Hand back all records exactly, pictures omitted.

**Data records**
= Beginning of Section =

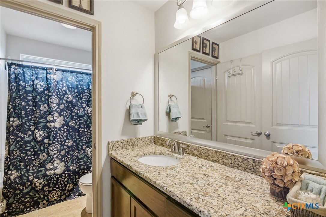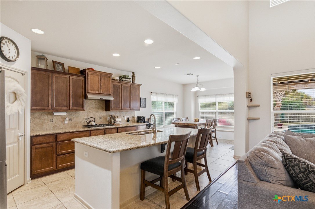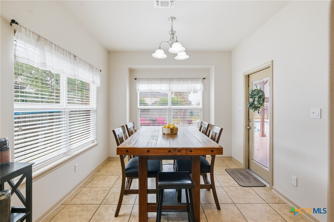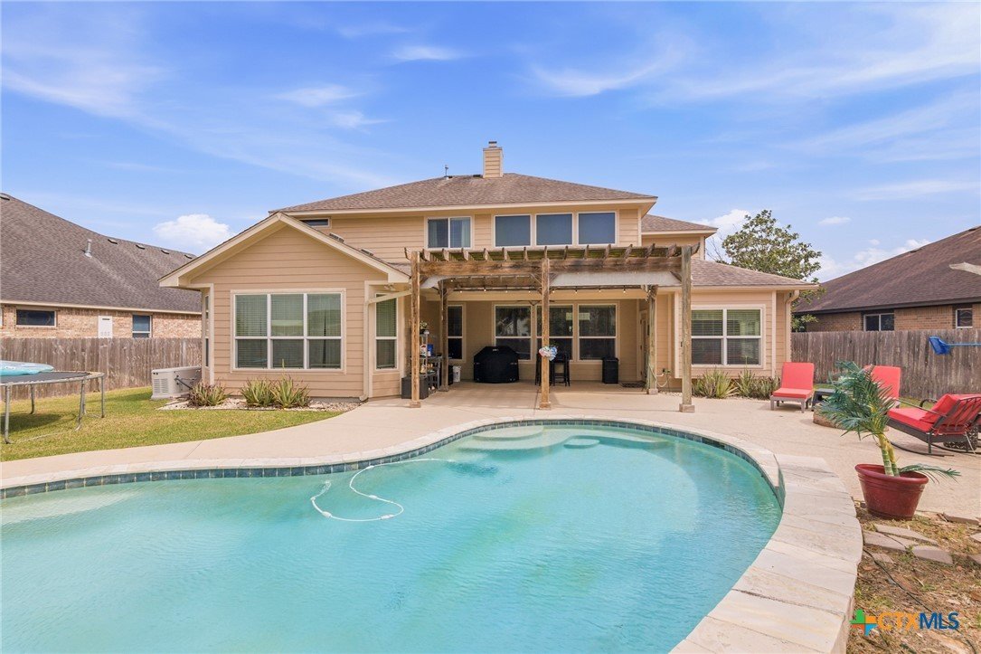 This gorgeous home blends space, comfort, and luxury and is nestled on a sprawling 0.32-acre lot in Victoria’s sought-after Terra Vista subdivision. This 4 bedroom, 3.5 bath gem spans over 3,100 sq. feet, offering an incredible floor plan designed for both entertaining and everyday living. Step inside to a welcoming main level featuring a spacious living area with soaring high ceilings and a stunning fireplace. The versatile formal dining area can also serve as an additional living space and is right across from the private study. For the chef, the gourmet kitchen is a dream, boasting a breakfast bar, ample counter and cabinet space, a walk-in pantry, and a separate casual dining area. Retreat to the private primary suite, a true sanctuary complete with a garden tub, separate shower, and an expansive walk-in closet. A dedicated laundry and mudroom provide seamless entry from the 3-car garage. Upstairs, the possibilities are endless. You'll find 3 bedrooms, 2 full bathrooms (including a Jack-and-Jill setup), a second living area, and a large flex space—perfect for a 5th bedroom, media room, or game room. One of the highlights to this property is the backyard oasis. Escape to the privacy-fenced yard to enjoy the sparkling in-ground pool, relax under the pergola and covered patio. With unparalleled space and a layout that adapts to your needs, this property is truly a rare find.
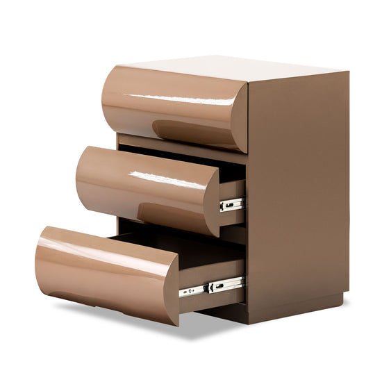 La Mesa de Noche Sienna de 3 gavetas en tono Capuchino es una pieza distintiva que combina sofisticación y funcionalidad. Su diseño envolvente con líneas curvilíneas aporta un estilo bold y contemporáneo, mientras que sus tres gavetas ofrecen un amplio espacio de almacenamiento para mantener el dormitorio organizado. Su acabado en Capuchino intensifica la calidez y profundidad del diseño, convirtiéndola en una elección ideal para quienes buscan una mesa de noche con carácter y elegancia.
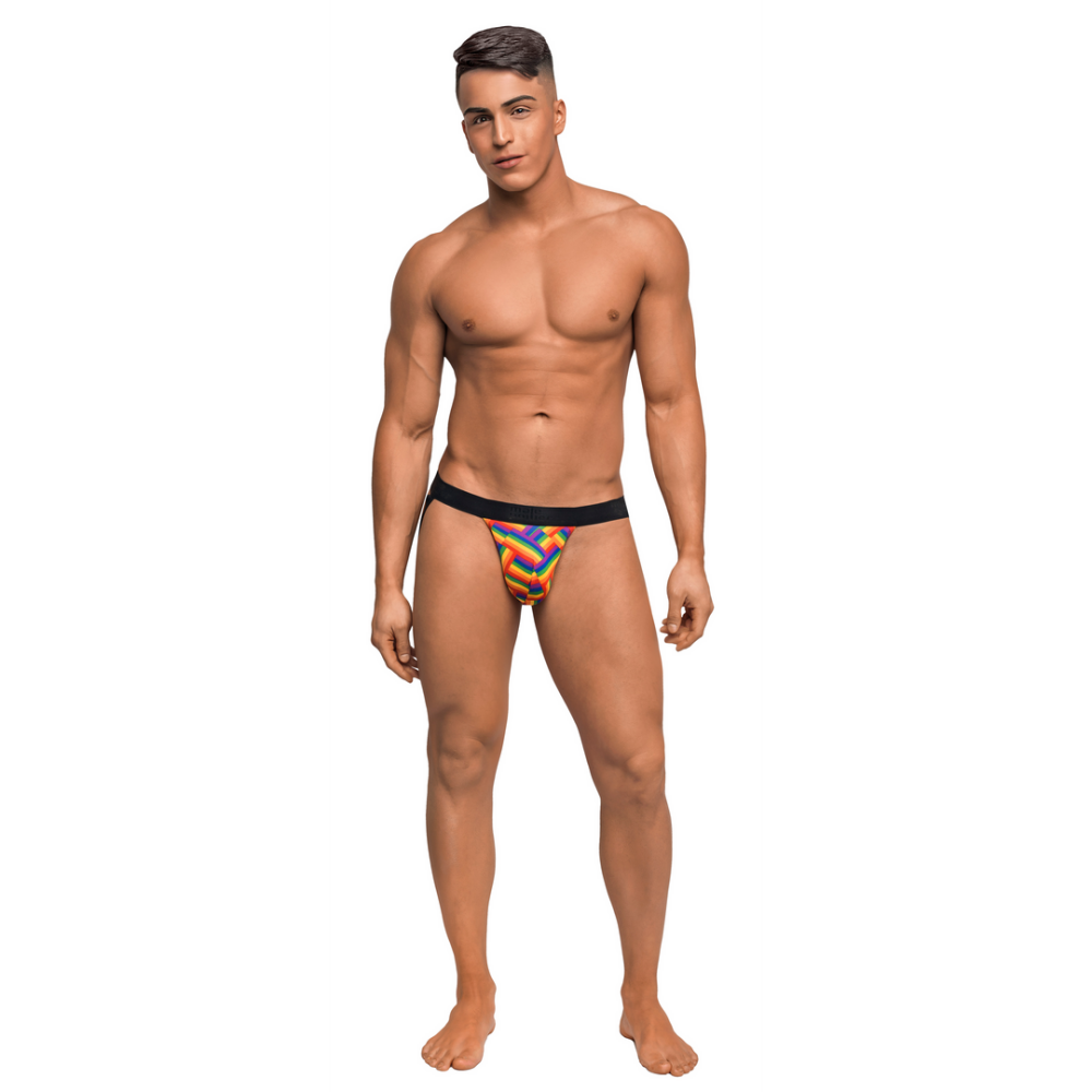 Uit de Pride Fest-collectie van Male Power, deze stijl omvat: Een jock met een lage taille en ondersteunende pouch, een zachte ton-sur-ton geperforeerde elastische tailleband en zachte elastische beenbanden.
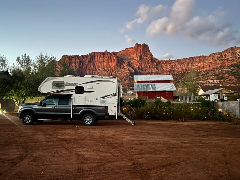 Nestled beneath towering cliffs, this boutique 5-star lodge offers RV Camping with full hookups and breathtaking mountain views. Friendly hosts welcome you with beer on tap, chilled mugs, shared appetizers, wine and cold ones in a cozy lobby bar. Families and dogs enjoy lawn games like cornhole, basketball and Jenga amid friendly gatherings at sunset. Water, 50 A power and dump services available for a small fee, plus a hearty breakfast, make this scenic retreat a memorable stopover.
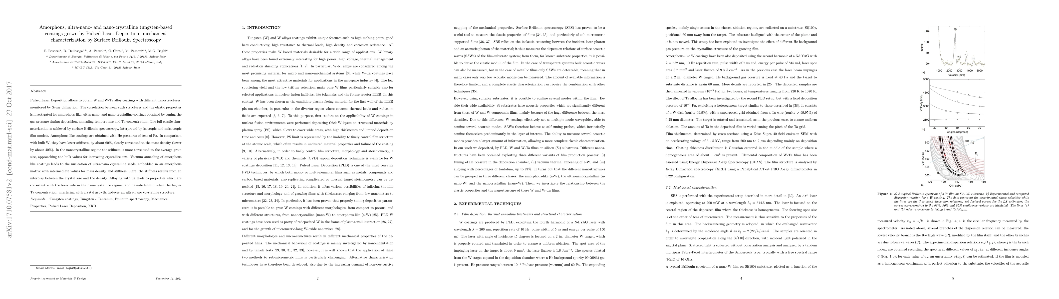 This paper investigates tungsten-based coatings with varying nanostructures grown via Pulsed Laser Deposition, correlating their mechanical properties to structure. Surface Brillouin spectroscopy reveals that amorphous coatings have lower stiffness and density compared to bulk tungsten, while nanocrystalline coatings' stiffness correlates with grain size.
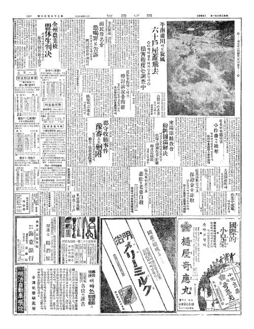 - 平南肅川(평남숙천)에도旋風(선풍) 六十戶屋蓋飛去(륙십호옥개비거)
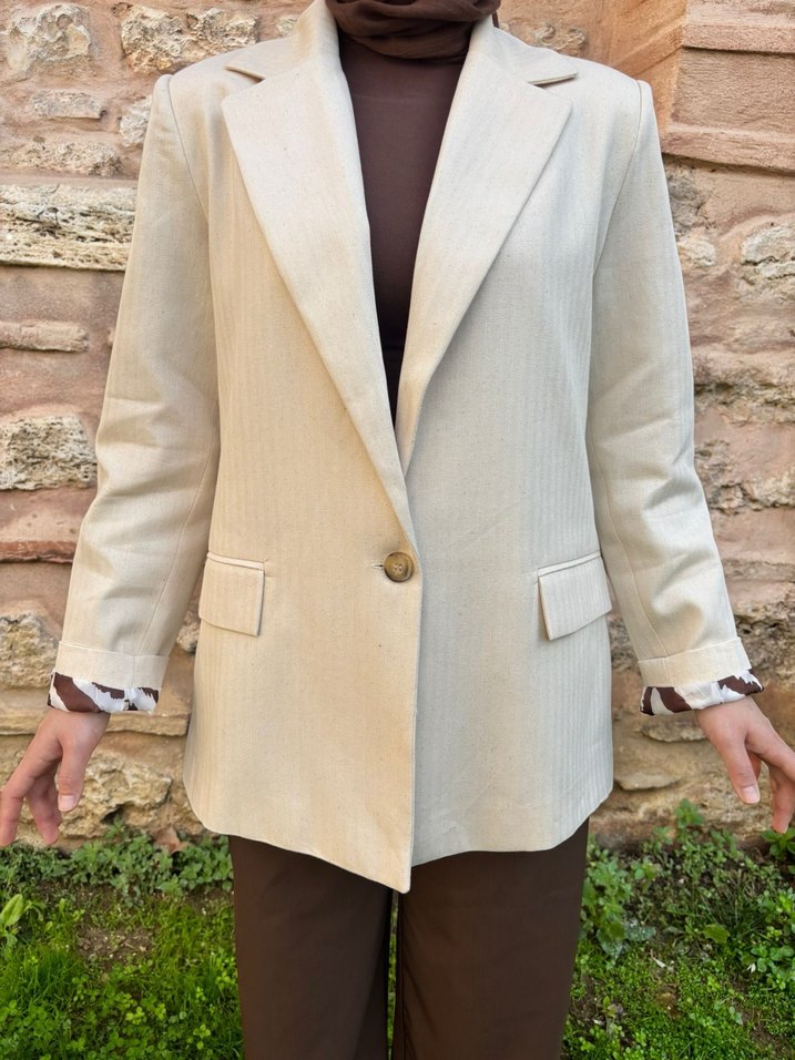 Düğmeli, bej keten kumaştan yapılmış kadın blazer.sıfır üründür etiketlidir
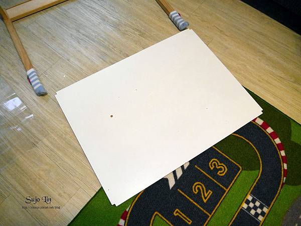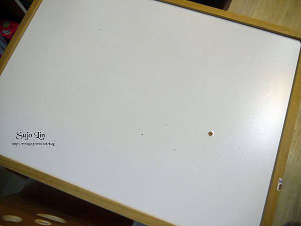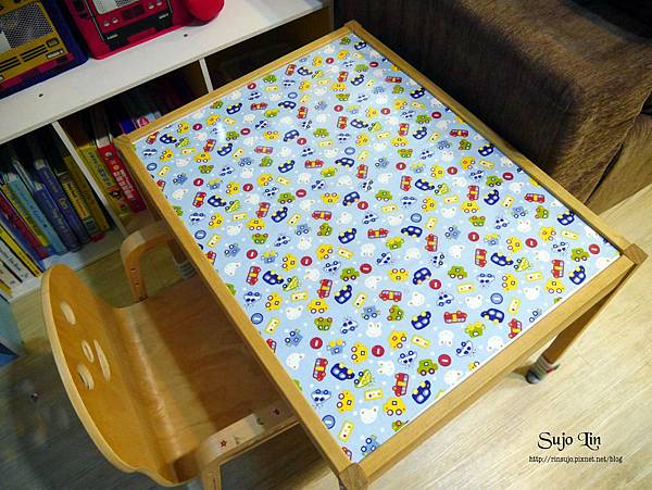 桌子左右兩邊因為布太小,露出原本的白色底,但我覺得無所謂,反正不明顯,而且小湯超愛新桌面,孩子喜歡最重要!
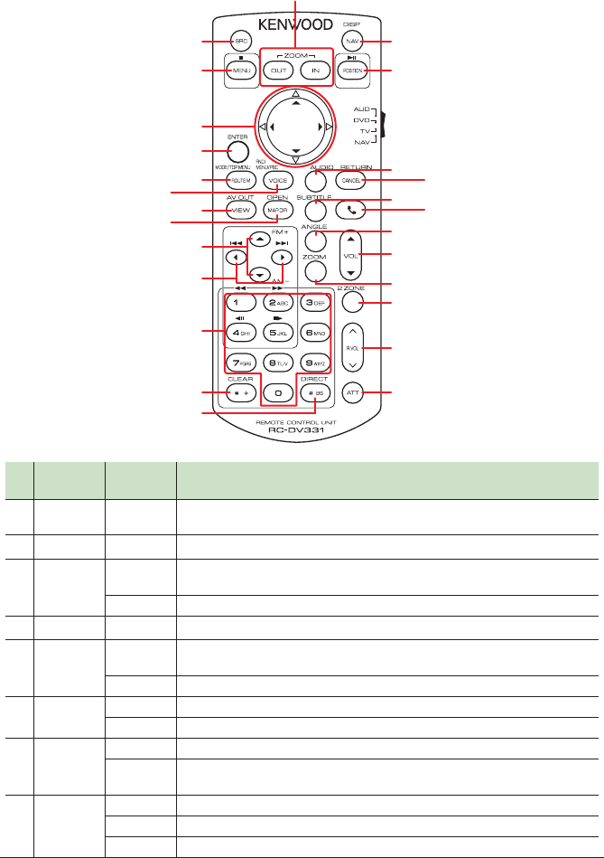 MAP DIR AUD, DVD Switches the display angle each time it is pressed.
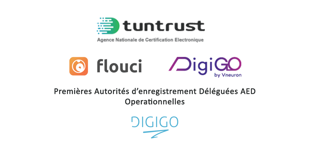 L’Agence Nationale de la Certification Electronique TunTrust annonce la mise en service de la distribution du certificat électronique DigiGO par ses premières Autorités d’Enregistrement Déléguées (AED) opérationnelles : Kaoun et Vneuron. Leurs services sont baptisés respectivement « Flouci » et « DigiGO by Vneuron ».
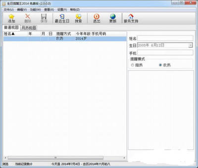 如果某一天你的女朋友突然不开心了,那么很可能就是你错过她的生日了,为了避免这样的悲剧发生,小编建议大家使用生日提醒王这款实用性极强的提醒工具。支持阳历(公历),阴历(农历)生日提前提醒。每次仅在开机时候进行检测一次(几乎不影响计算机开机速度),不会常驻运行占用计算机资源。可指定提前多少天进行提醒,支持无数个生日。生日记录可以保存为单个文件,从文件中导入;亦可使用邮件发送跟亲友分享。 推荐公司人事部门使用来提醒员工,或者客户生日,当然家用也很合适。
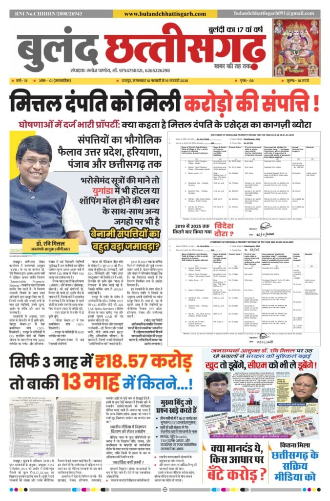 Home/E- Paper/मित्तल दंपत्ति को मिली करोड़ों की संपत्ति Uncategorized Trending मित्तल दंपत्ति को मिली करोड़ों की संपत्ति Buland Chhattisgarh37 seconds ago 2,184 Less than a minute Facebook Twitter Messenger Messenger WhatsApp Telegram Related Articles मुख्यमंत्री विष्णु देव साय ने अहमदाबाद में सौंपे निवेश प्रस्ताव, राज्य में निवेश का नया दौर November 11, 2025 क्या मिलेगा न्याय, या यूं ही दबा दिया जाएगा मामला? : March 29, 2025 राष्ट्रगान की गूंज से गूंज उठेगा अंबिकापुर: भाजपा सरगुजा की निगम में नई पहल…! March 29, 2025 माफियाओं को सरकारी संरक्षण? कब जागेगा प्रशासन? March 29, 2025 Buland Chhattisgarh37 seconds ago 2,184 Less than a minute Facebook Twitter Messenger Messenger WhatsApp Telegram Show More Share Facebook Twitter Messenger Messenger WhatsApp Telegram
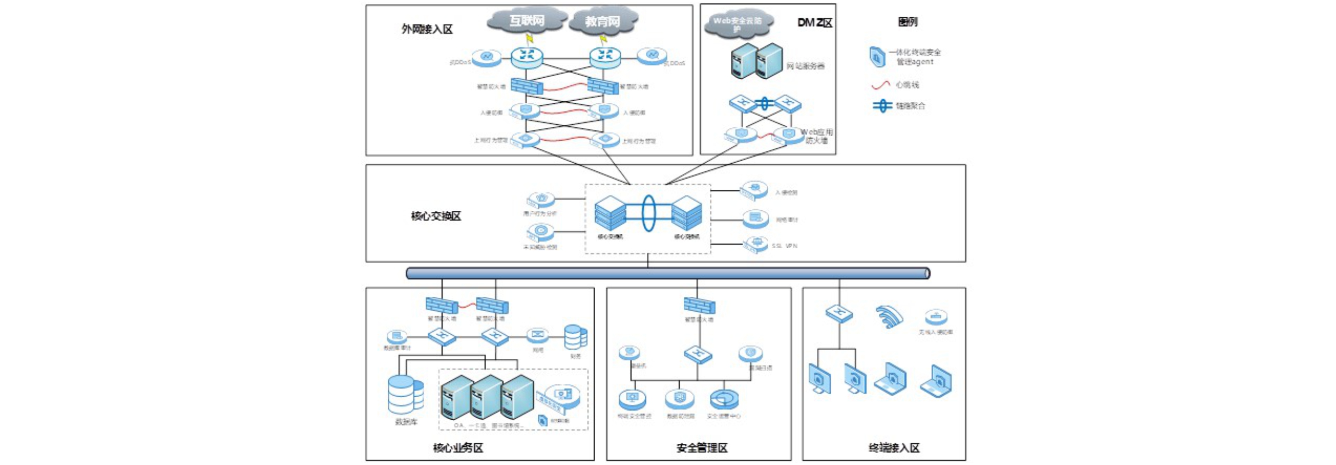 實現(xiàn)校園網(wǎng)絡(luò)所有終端設(shè)備的安全統(tǒng)一管理,統(tǒng)一監(jiān)控,統(tǒng)一防護。
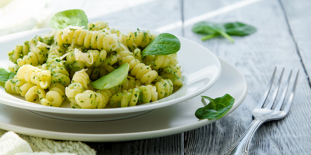 Rūpīgi nokās pastu, liec atpakaļ katlā un liec katlu uz mazas uguns. Pieliec pastai pagatavoto mērci, ciedru riekstus un atlikušos spinātus un maisot karsē, līdz spināti izskatās kā apvītuši. Pieber sāli un piparus, pārkaisi ar Parmas sieru un pasniedz.
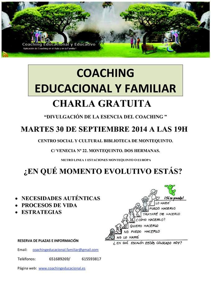 El Martes 30 de septiembre, a las 19:00 horas,en el Centro Cultural Biblioteca de Montequinto tendrá lugar una CHARLA GRATUITA ‘Divulgación de la esencia del Coaching’ a cargo de Coaching Integral Educacional&Familiar’.

= End of Section =

**Solution**
 This gorgeous home blends space, comfort, and luxury and is nestled on a sprawling 0.32-acre lot in Victoria’s sought-after Terra Vista subdivision. This 4 bedroom, 3.5 bath gem spans over 3,100 sq. feet, offering an incredible floor plan designed for both entertaining and everyday living. Step inside to a welcoming main level featuring a spacious living area with soaring high ceilings and a stunning fireplace. The versatile formal dining area can also serve as an additional living space and is right across from the private study. For the chef, the gourmet kitchen is a dream, boasting a breakfast bar, ample counter and cabinet space, a walk-in pantry, and a separate casual dining area. Retreat to the private primary suite, a true sanctuary complete with a garden tub, separate shower, and an expansive walk-in closet. A dedicated laundry and mudroom provide seamless entry from the 3-car garage. Upstairs, the possibilities are endless. You'll find 3 bedrooms, 2 full bathrooms (including a Jack-and-Jill setup), a second living area, and a large flex space—perfect for a 5th bedroom, media room, or game room. One of the highlights to this property is the backyard oasis. Escape to the privacy-fenced yard to enjoy the sparkling in-ground pool, relax under the pergola and covered patio. With unparalleled space and a layout that adapts to your needs, this property is truly a rare find.
 La Mesa de Noche Sienna de 3 gavetas en tono Capuchino es una pieza distintiva que combina sofisticación y funcionalidad. Su diseño envolvente con líneas curvilíneas aporta un estilo bold y contemporáneo, mientras que sus tres gavetas ofrecen un amplio espacio de almacenamiento para mantener el dormitorio organizado. Su acabado en Capuchino intensifica la calidez y profundidad del diseño, convirtiéndola en una elección ideal para quienes buscan una mesa de noche con carácter y elegancia.
 Uit de Pride Fest-collectie van Male Power, deze stijl omvat: Een jock met een lage taille en ondersteunende pouch, een zachte ton-sur-ton geperforeerde elastische tailleband en zachte elastische beenbanden.
 Nestled beneath towering cliffs, this boutique 5-star lodge offers RV Camping with full hookups and breathtaking mountain views. Friendly hosts welcome you with beer on tap, chilled mugs, shared appetizers, wine and cold ones in a cozy lobby bar. Families and dogs enjoy lawn games like cornhole, basketball and Jenga amid friendly gatherings at sunset. Water, 50 A power and dump services available for a small fee, plus a hearty breakfast, make this scenic retreat a memorable stopover.
 This paper investigates tungsten-based coatings with varying nanostructures grown via Pulsed Laser Deposition, correlating their mechanical properties to structure. Surface Brillouin spectroscopy reveals that amorphous coatings have lower stiffness and density compared to bulk tungsten, while nanocrystalline coatings' stiffness correlates with grain size.
 - 平南肅川(평남숙천)에도旋風(선풍) 六十戶屋蓋飛去(륙십호옥개비거)
 Düğmeli, bej keten kumaştan yapılmış kadın blazer.sıfır üründür etiketlidir
 桌子左右兩邊因為布太小,露出原本的白色底,但我覺得無所謂,反正不明顯,而且小湯超愛新桌面,孩子喜歡最重要!
 MAP DIR AUD, DVD Switches the display angle each time it is pressed.
 L’Agence Nationale de la Certification Electronique TunTrust annonce la mise en service de la distribution du certificat électronique DigiGO par ses premières Autorités d’Enregistrement Déléguées (AED) opérationnelles : Kaoun et Vneuron. Leurs services sont baptisés respectivement « Flouci » et « DigiGO by Vneuron ».
 如果某一天你的女朋友突然不开心了,那么很可能就是你错过她的生日了,为了避免这样的悲剧发生,小编建议大家使用生日提醒王这款实用性极强的提醒工具。支持阳历(公历),阴历(农历)生日提前提醒。每次仅在开机时候进行检测一次(几乎不影响计算机开机速度),不会常驻运行占用计算机资源。可指定提前多少天进行提醒,支持无数个生日。生日记录可以保存为单个文件,从文件中导入;亦可使用邮件发送跟亲友分享。 推荐公司人事部门使用来提醒员工,或者客户生日,当然家用也很合适。
 Home/E- Paper/मित्तल दंपत्ति को मिली करोड़ों की संपत्ति Uncategorized Trending मित्तल दंपत्ति को मिली करोड़ों की संपत्ति Buland Chhattisgarh37 seconds ago 2,184 Less than a minute Facebook Twitter Messenger Messenger WhatsApp Telegram Related Articles मुख्यमंत्री विष्णु देव साय ने अहमदाबाद में सौंपे निवेश प्रस्ताव, राज्य में निवेश का नया दौर November 11, 2025 क्या मिलेगा न्याय, या यूं ही दबा दिया जाएगा मामला? : March 29, 2025 राष्ट्रगान की गूंज से गूंज उठेगा अंबिकापुर: भाजपा सरगुजा की निगम में नई पहल…! March 29, 2025 माफियाओं को सरकारी संरक्षण? कब जागेगा प्रशासन? March 29, 2025 Buland Chhattisgarh37 seconds ago 2,184 Less than a minute Facebook Twitter Messenger Messenger WhatsApp Telegram Show More Share Facebook Twitter Messenger Messenger WhatsApp Telegram
 實現(xiàn)校園網(wǎng)絡(luò)所有終端設(shè)備的安全統(tǒng)一管理,統(tǒng)一監(jiān)控,統(tǒng)一防護。
 Rūpīgi nokās pastu, liec atpakaļ katlā un liec katlu uz mazas uguns. Pieliec pastai pagatavoto mērci, ciedru riekstus un atlikušos spinātus un maisot karsē, līdz spināti izskatās kā apvītuši. Pieber sāli un piparus, pārkaisi ar Parmas sieru un pasniedz.
 El Martes 30 de septiembre, a las 19:00 horas,en el Centro Cultural Biblioteca de Montequinto tendrá lugar una CHARLA GRATUITA ‘Divulgación de la esencia del Coaching’ a cargo de Coaching Integral Educacional&Familiar’.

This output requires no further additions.